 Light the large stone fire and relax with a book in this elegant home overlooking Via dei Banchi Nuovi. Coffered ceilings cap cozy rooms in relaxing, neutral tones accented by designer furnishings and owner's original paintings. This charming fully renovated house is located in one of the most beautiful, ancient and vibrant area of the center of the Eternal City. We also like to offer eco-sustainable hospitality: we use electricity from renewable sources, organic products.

..........

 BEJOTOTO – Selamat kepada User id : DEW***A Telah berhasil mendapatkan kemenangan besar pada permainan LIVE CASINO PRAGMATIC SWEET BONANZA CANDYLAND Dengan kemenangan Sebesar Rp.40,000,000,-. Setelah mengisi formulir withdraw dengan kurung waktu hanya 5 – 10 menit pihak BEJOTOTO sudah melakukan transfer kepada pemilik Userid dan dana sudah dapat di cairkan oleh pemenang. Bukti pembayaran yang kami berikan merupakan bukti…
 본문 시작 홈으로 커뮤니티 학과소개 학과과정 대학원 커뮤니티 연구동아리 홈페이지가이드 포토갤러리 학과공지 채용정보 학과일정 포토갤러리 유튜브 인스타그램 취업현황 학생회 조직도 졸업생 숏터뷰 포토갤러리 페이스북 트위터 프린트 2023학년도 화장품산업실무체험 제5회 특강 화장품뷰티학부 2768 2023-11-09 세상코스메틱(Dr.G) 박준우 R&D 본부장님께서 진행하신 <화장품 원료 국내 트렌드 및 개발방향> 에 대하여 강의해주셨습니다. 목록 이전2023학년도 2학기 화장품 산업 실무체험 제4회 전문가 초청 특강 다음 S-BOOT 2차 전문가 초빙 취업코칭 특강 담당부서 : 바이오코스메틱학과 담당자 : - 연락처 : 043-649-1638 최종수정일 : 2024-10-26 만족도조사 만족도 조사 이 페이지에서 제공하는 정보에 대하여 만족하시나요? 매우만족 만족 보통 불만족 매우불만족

..........

In the material above, locate the line containing "BEJOTOTO – Selamat" and the line containing "본문 시작 홈으로 커뮤니티". Transcribe exactly those two lines and every line between them, and nothing more.

 BEJOTOTO – Selamat kepada User id : DEW***A Telah berhasil mendapatkan kemenangan besar pada permainan LIVE CASINO PRAGMATIC SWEET BONANZA CANDYLAND Dengan kemenangan Sebesar Rp.40,000,000,-. Setelah mengisi formulir withdraw dengan kurung waktu hanya 5 – 10 menit pihak BEJOTOTO sudah melakukan transfer kepada pemilik Userid dan dana sudah dapat di cairkan oleh pemenang. Bukti pembayaran yang kami berikan merupakan bukti…
 본문 시작 홈으로 커뮤니티 학과소개 학과과정 대학원 커뮤니티 연구동아리 홈페이지가이드 포토갤러리 학과공지 채용정보 학과일정 포토갤러리 유튜브 인스타그램 취업현황 학생회 조직도 졸업생 숏터뷰 포토갤러리 페이스북 트위터 프린트 2023학년도 화장품산업실무체험 제5회 특강 화장품뷰티학부 2768 2023-11-09 세상코스메틱(Dr.G) 박준우 R&D 본부장님께서 진행하신 <화장품 원료 국내 트렌드 및 개발방향> 에 대하여 강의해주셨습니다. 목록 이전2023학년도 2학기 화장품 산업 실무체험 제4회 전문가 초청 특강 다음 S-BOOT 2차 전문가 초빙 취업코칭 특강 담당부서 : 바이오코스메틱학과 담당자 : - 연락처 : 043-649-1638 최종수정일 : 2024-10-26 만족도조사 만족도 조사 이 페이지에서 제공하는 정보에 대하여 만족하시나요? 매우만족 만족 보통 불만족 매우불만족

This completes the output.